Sorting CSV in Python

Python's sort works in-memory only; however, tens of thousands of lines should fit in memory easily on a modern machine. So:

import csv

def sortcsvbymanyfields(csvfilename, themanyfieldscolumnnumbers):
  with open(csvfilename, 'rb') as f:
    readit = csv.reader(f)
    thedata = list(readit)
  thedata.sort(key=operator.itemgetter(*themanyfieldscolumnnumbers))
  with open(csvfilename, 'wb') as f:
    writeit = csv.writer(f)
    writeit.writerows(thedata)

Here's Alex's answer, reworked to support column data types:

import csv
import operator

def sort_csv(csv_filename, types, sort_key_columns):
    """sort (and rewrite) a csv file.
    types:  data types (conversion functions) for each column in the file
    sort_key_columns: column numbers of columns to sort by"""
    data = []
    with open(csv_filename, 'rb') as f:
        for row in csv.reader(f):
            data.append(convert(types, row))
    data.sort(key=operator.itemgetter(*sort_key_columns))
    with open(csv_filename, 'wb') as f:
        csv.writer(f).writerows(data)

Edit:

I did a stupid. I was playing with various things in IDLE and wrote a convert function a couple of days ago. I forgot I'd written it, and I haven't closed IDLE in a good long while - so when I wrote the above, I thought convert was a built-in function. Sadly no.

Here's my implementation, though John Machin's is nicer:

def convert(types, values):
    return [t(v) for t, v in zip(types, values)]

Usage:

import datetime
def date(s):
    return datetime.strptime(s, '%m/%d/%y')

>>> convert((int, date, str), ('1', '2/15/09', 'z'))
[1, datetime.datetime(2009, 2, 15, 0, 0), 'z']

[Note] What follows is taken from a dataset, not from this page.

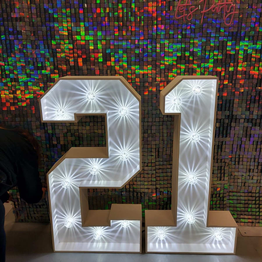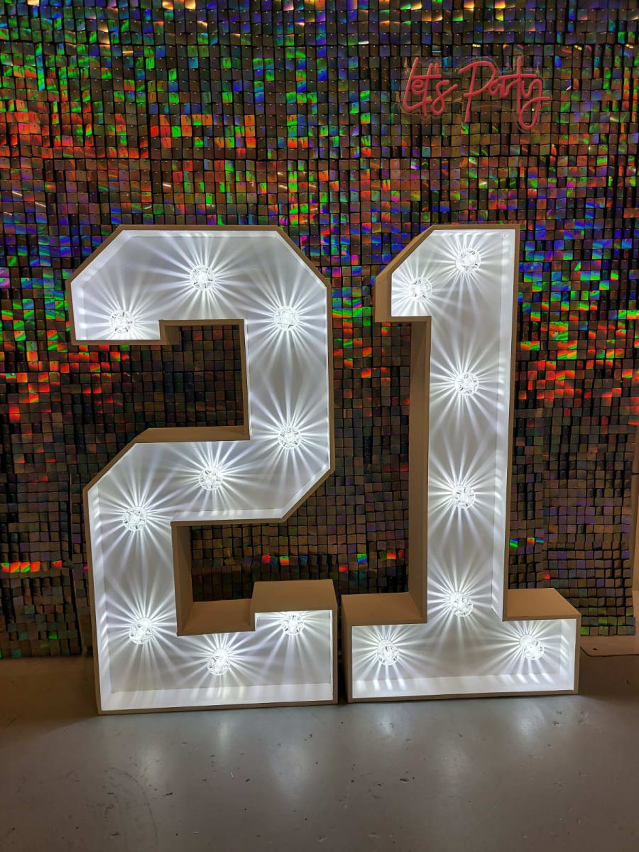 Are you looking for something to bring an extra sparkle to your party? Looking to take amazing photographs? Our 4ft LED Numbers & Letters are perfect for all occasions. Our number 21 is great for a mile stone birthday. Have them as a statement piece by an entrance or as a backdrop for your photos, our numbers look great anywhere!

Here's the convert() that's missing from Robert's fix of Alex's answer:

>>> def convert(convert_funcs, seq):
...    return [
...        item if func is None else func(item)
...        for func, item in zip(convert_funcs, seq)
...        ]
...
>>> convert(
...     (None, float, lambda x: x.strip().lower()),
...     [" text ", "123.45", " TEXT "]
...     )
[' text ', 123.45, 'text']
>>>

I've changed the name of the first arg to highlight that the per-columns function can do what you need, not merely type-coercion. None is used to indicate no conversion.